Page 371(Official Records Volume 4)  


CHAP.XII.] CORRESPONDENCE, ETC. - CONFEDERATE.

You can have them returned quietly, so as to avoid any unnecessary excitement about the matter.

Trusting and believing that you will at once comply with this request, I am, very respectfully, yours,

THO. B. MONROE, Jr., Secretary of State.

MEMPHIS, July 20,1861.

HonorableL.P. WALKER, Secretary of War:

SIR: On receipt of my instructions on the subject of the transfer of the Tennessee troops I opened a correspondence with Governor Harris, asking when he would be ready to make the transfer. He informed me he must have some further correspondence with the President before he was prepared to act. Since them I have heard he will be in the city on Monday next for the purpose of consummating the transfer.

In regard to the positions of the officers of Tennessee Army now commanidng, I beg leave to suggest that I think better use could be made of General Pillow as a major-general than as a brigadier, and I think the interests of the service would be greatly promoted by the appointment of General Cheatham to the office of brigadier-general.

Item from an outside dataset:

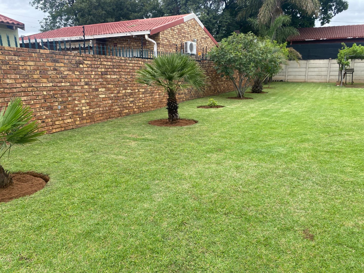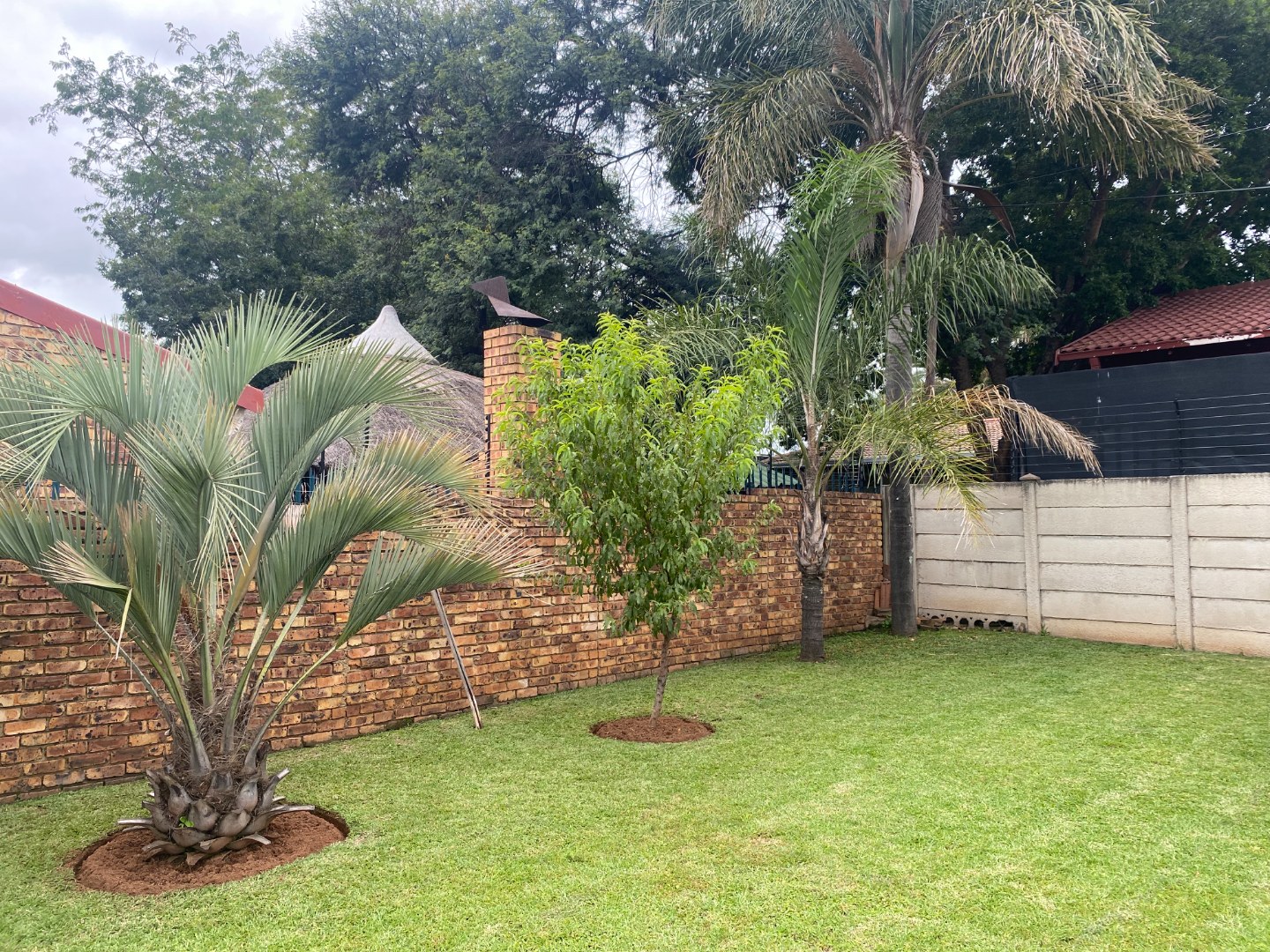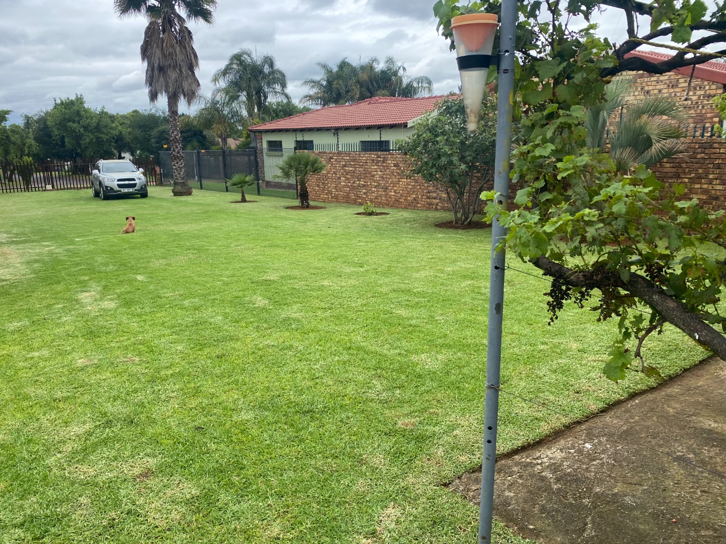 Discover this exclusive charming suburban home in Aerorand, Middelburg, offering a blend of comfort and practicality. The property immediately impresses with its well-maintained exterior, featuring a lush green lawn and newly planted young palm trees, all secured by a sturdy brick boundary wall, contributing to its kerb appeal.

In regard to the staff, I beg leave to say that I have examined carefully the organization of the medical department and the manner in which it was constituted. It is agreed on all hands as the best arranged and appointed part of their army. The selections have been made with great care by a medical board, composed of the most eminent surgeons in the State, after examination, and a large number of applicants rejected. Those who have been appointed have been taken from different parts of the State, many of them the family physicians of the men composing the regiments. I respectfully submit whether it would be practicable for the Department to do better than appoint them as they stand. All the regiments are provided with a surgeon and an assistant surgeon. Besides these, the State appointed a surgeon-general and two medical directors, all of whom are eminent surgeons, and might be appointed as medical directors to accompany and provide for the different parts of the Tennessee Army. I desire particularly that Dr. Joe C. Newman, one of these three, be appointed medical director and purveyor of my department. He is a gentleman of large experience, of maturity of years and character, and well fitted for the duties of such an office. A young man has reported himself as a surgeon of the army to me-a Dr. Potts-who is quite too young to be intrusted with such a grave responsibility.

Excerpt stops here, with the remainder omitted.